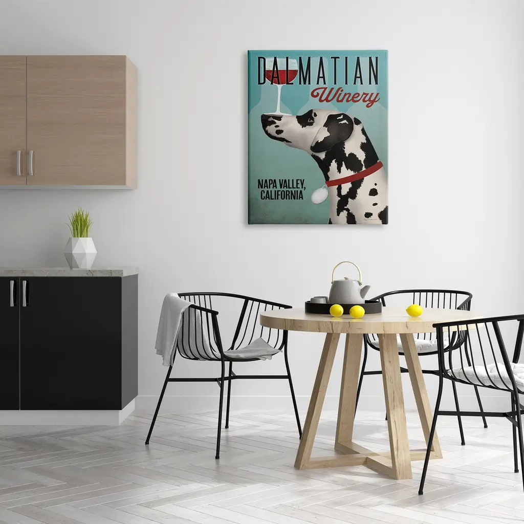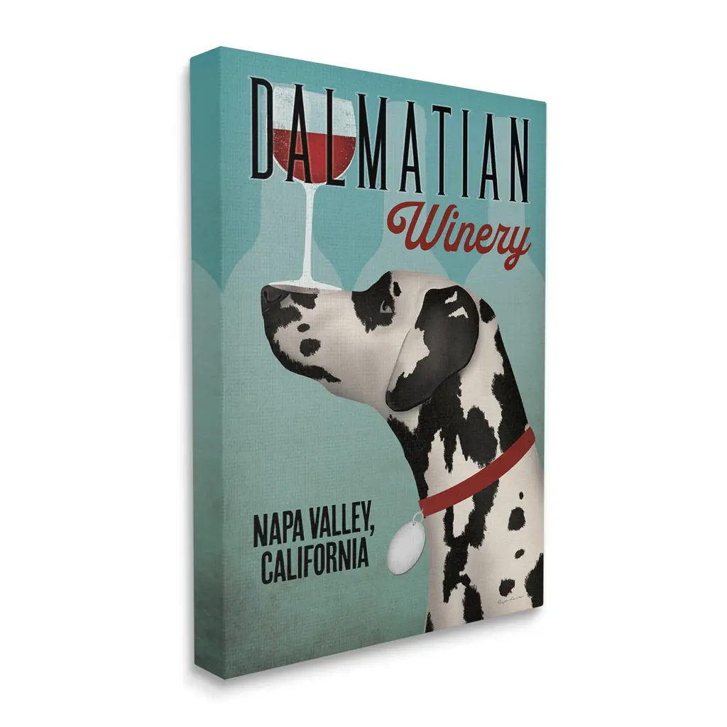 We create our stretched canvas to the highest standards. Using only the highest quality inks and canvas on Mimaki printers, we hand-cut and stretch each piece over a 1.5-inch thick wooden frame for hanging. As a result, the art comes ready to hang on the sturdy ledge with no installation required. Stupell Wall Art is made in the USA.Features: Dimensions: 16 x 1.5 x 20 InchesStretched Canvas Sizes Include Standard: 16 x 1.5 x 20 Large: 20 x 1.5 x 30 X-Large: 30 x 1.5 x 40 Oversized: 36 x 1.5 x 48Wall Art is Ready to Hang with Hardware Free Hanging. No installation required. For Easy Set Up Lean or Layer Artwork on Shelf or Against Wall.Our stretched canvas is created with the highest standards. We use only the highest quality inks and canvas on our in house Mimaki printers, and then hand cut and stretch each piece over a 1.5 inch thick wooden frame for hanging. Made In USA.Artwork Relates To: Dog, Animal, Mammal, Pet, Coffee, Dalmatian WineryDesign by Ryan Fowler
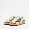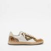White 4B12 sneakers with a distressed effect. Leather upper with tiger print details and sequined heel.
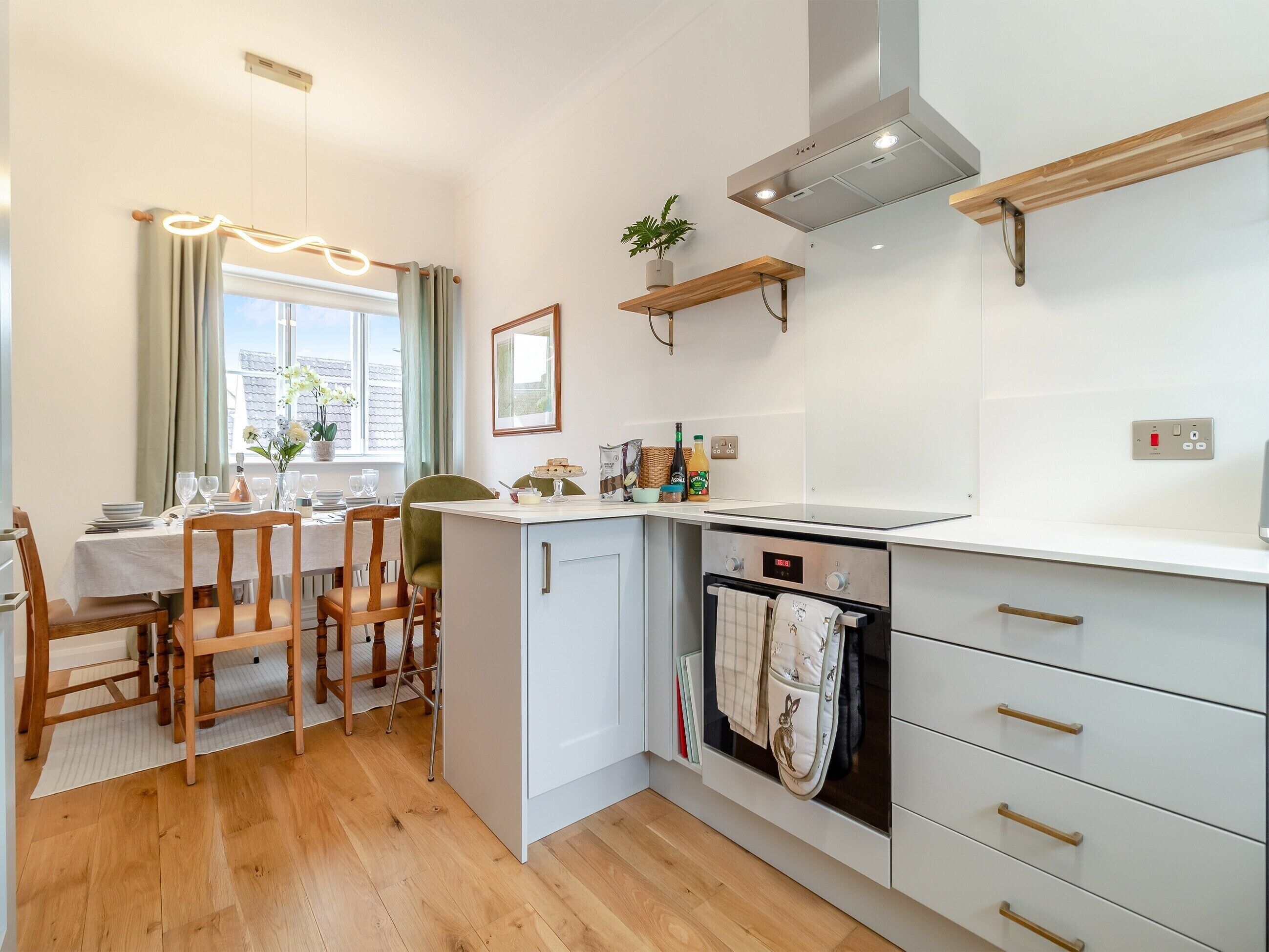 The property can sleep up to two people in perfect comfort. Accommodation includes a cosy sitting room with a variety of books and local magazines, as well as a TV and free WiFi. A recently upgraded kitchen contains a fridge with a freezer compartment, dishwasher and an oven with a four ring induction hob catering for guests looking for a quiet night in with a home-cooked meal. There is also a dining table which can seat up to 4 guests or provide laptop-friendly work space if necessary. The kitchen is equipped with a Nespresso coffee machine, toaster, kettle and microwave for your convenience. There is a beautifully finished ground floor shower room and a first-floor king size bedroom with an en-suite cloakroom.
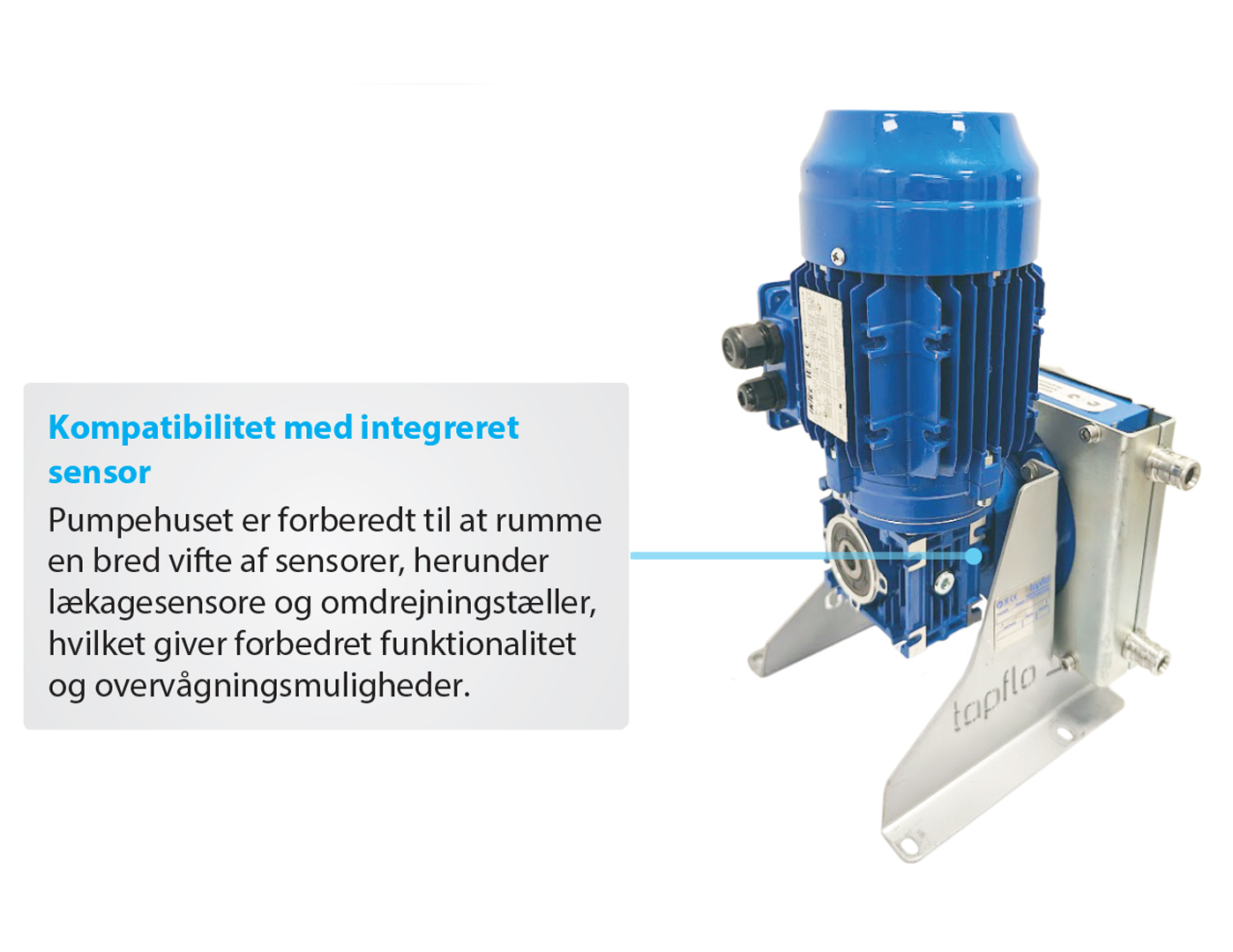 Indbyggede frekvensomformere er den anbefalede løsning for nem styring af pumpehastigheden (kapacitet). Ydermere gør den slangeudskiftning nemmere.
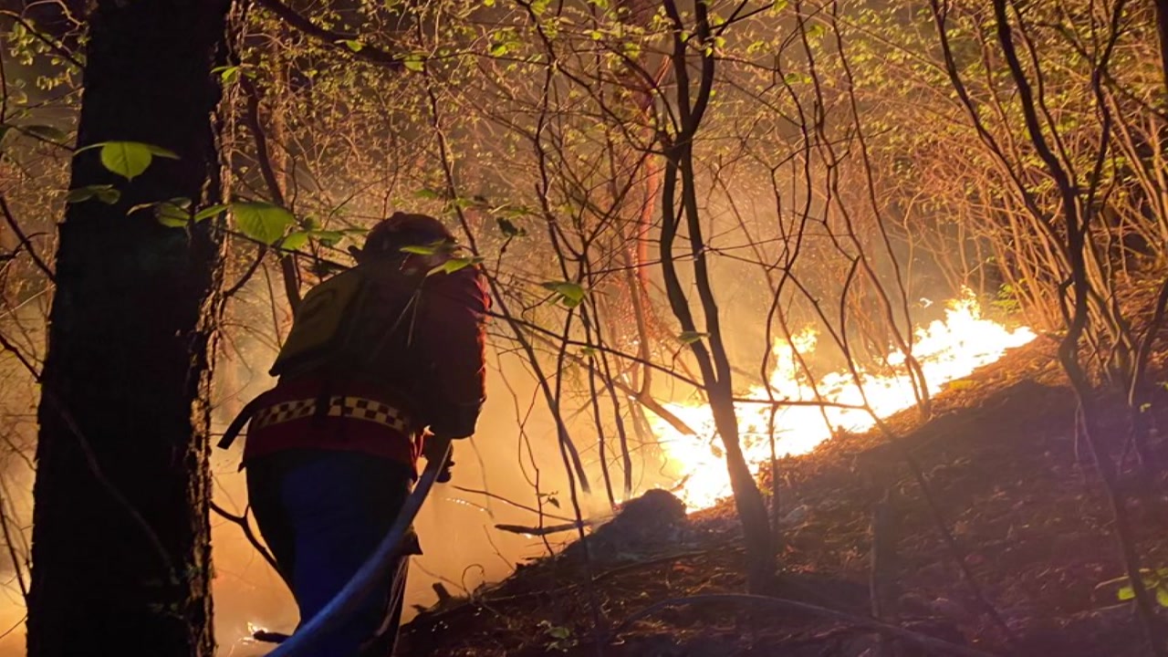 산불이 나자 진화 차량 30대와 진화 인력 110여 명이 긴급 투입됐고, 한밤중이라 소방헬기는 뜨지 못했습니다.
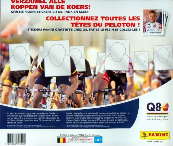Au dos on a mis : "En échange de ce sticker, vous recevrez 5 pochettes supplémentaires lorsque vous effectuerez un plein d'au moins 20 litres chez Q8." Infos, stickers supplémentaires et actions sur
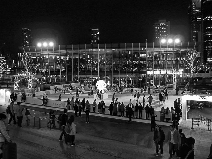 12月になりました。この時期になると、駅前広場にスケートリンクが出現します。
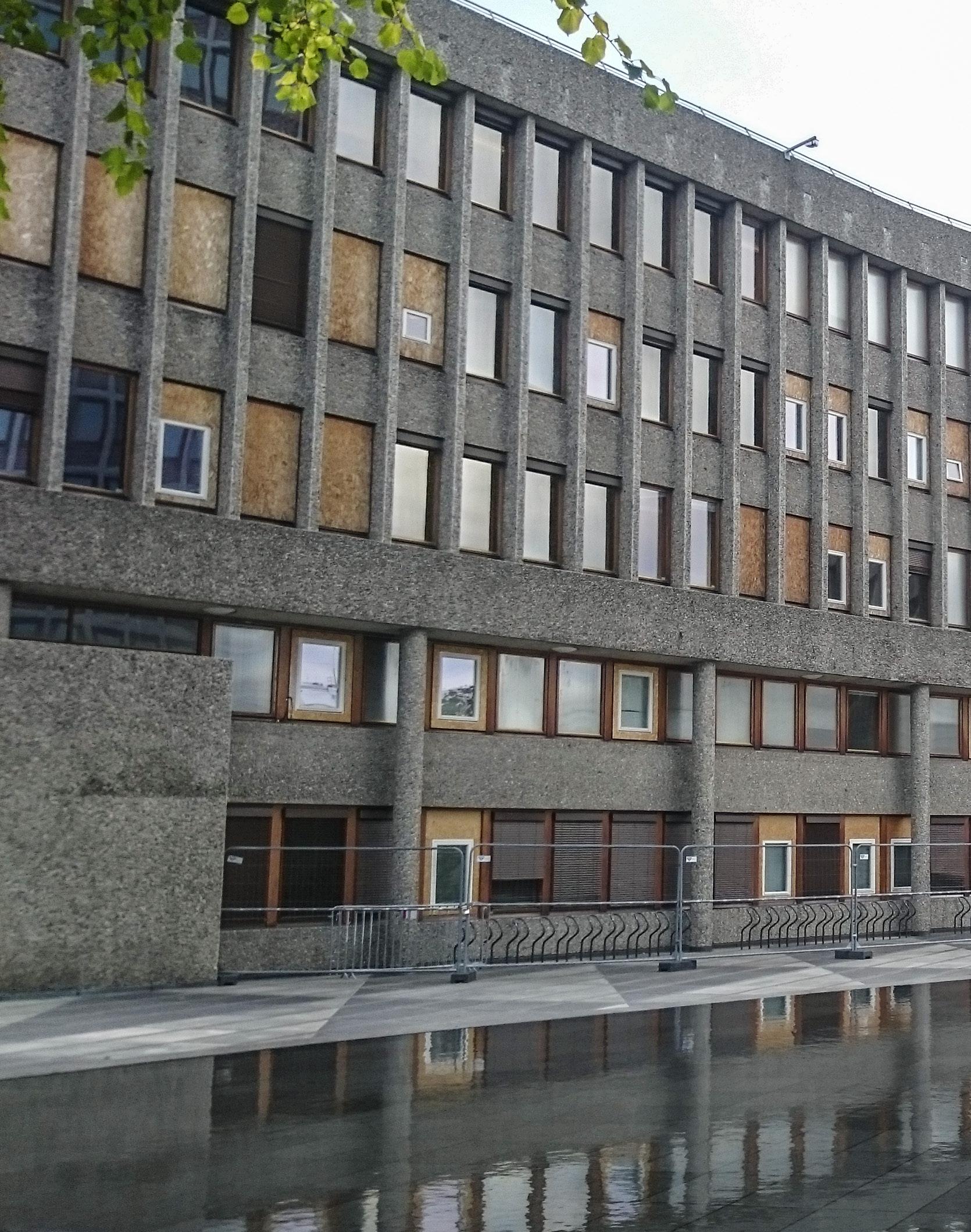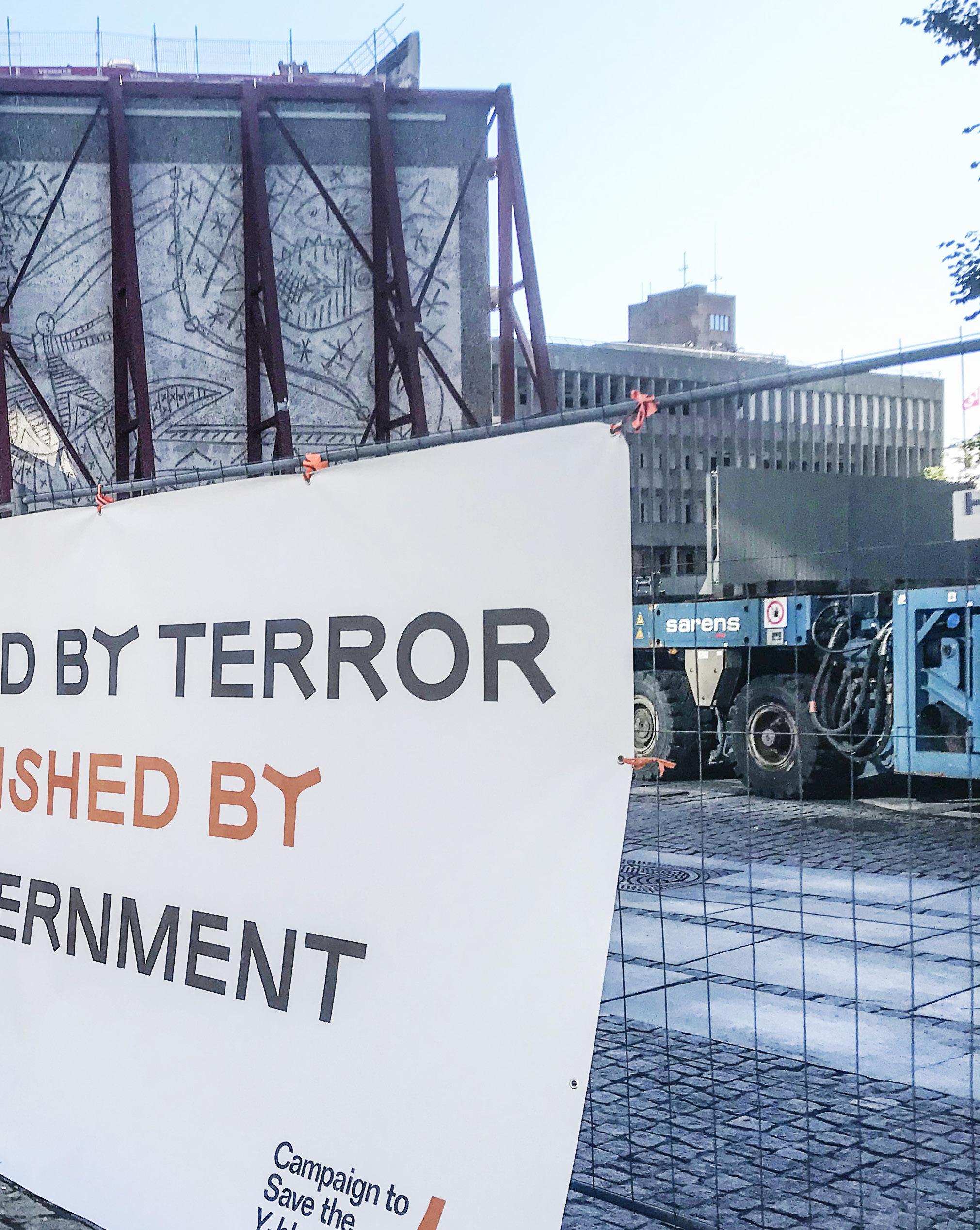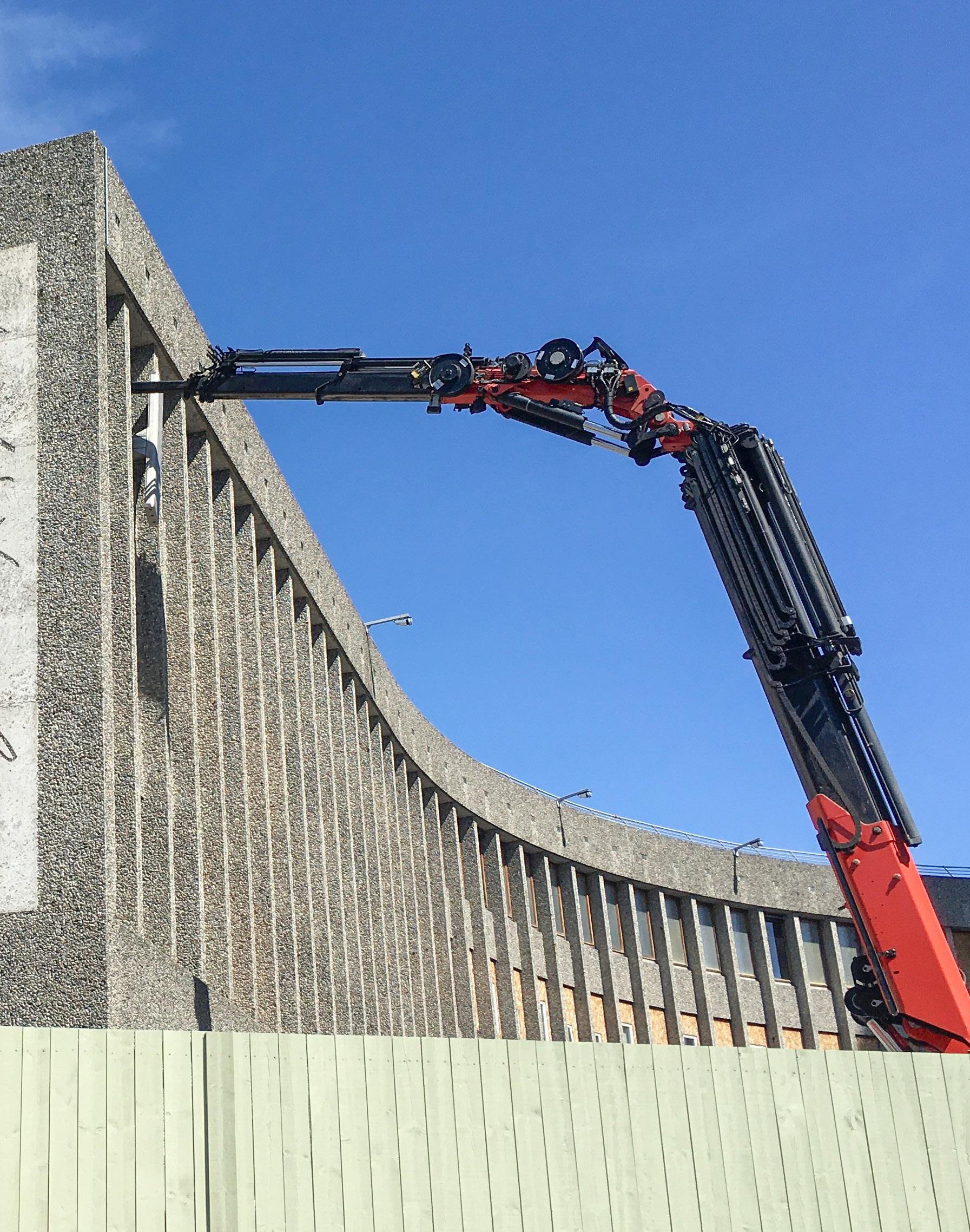 This used to be the future. Støvet etter rivingen har lagt seg. De to Picasso-relieffene, «Måken» og «Fiskerne», ble skåret løs fra sin sammenheng, mens resten av Y-blokken ble knust og gjenbrukt som underlag for asfalten på fylkesvei 1488 i Lillestrøm kommune. Let’s tear the bloody lot down, and start all over again.
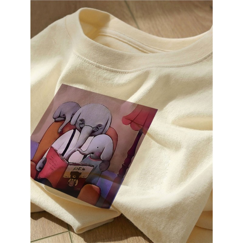 火龙果懒人T 显白韩版后背贴布宽松卷边短袖女百搭休闲纯棉上衣服
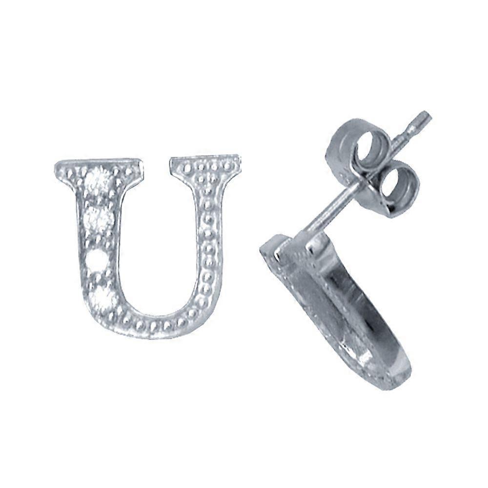 Jewelco London Ladies Sterling Silver Cubic Zirconia Identity Initial Stud Earrings Letter U

Goal of the exercise: Please write out, word for word, each line from the one with "火龙果懒人T 显白韩版后背贴布宽松卷边短袖女百搭休闲纯棉上衣服" to the last line of the data, keeping both ends and omitting pictures.

The completed task:
 火龙果懒人T 显白韩版后背贴布宽松卷边短袖女百搭休闲纯棉上衣服
 Jewelco London Ladies Sterling Silver Cubic Zirconia Identity Initial Stud Earrings Letter U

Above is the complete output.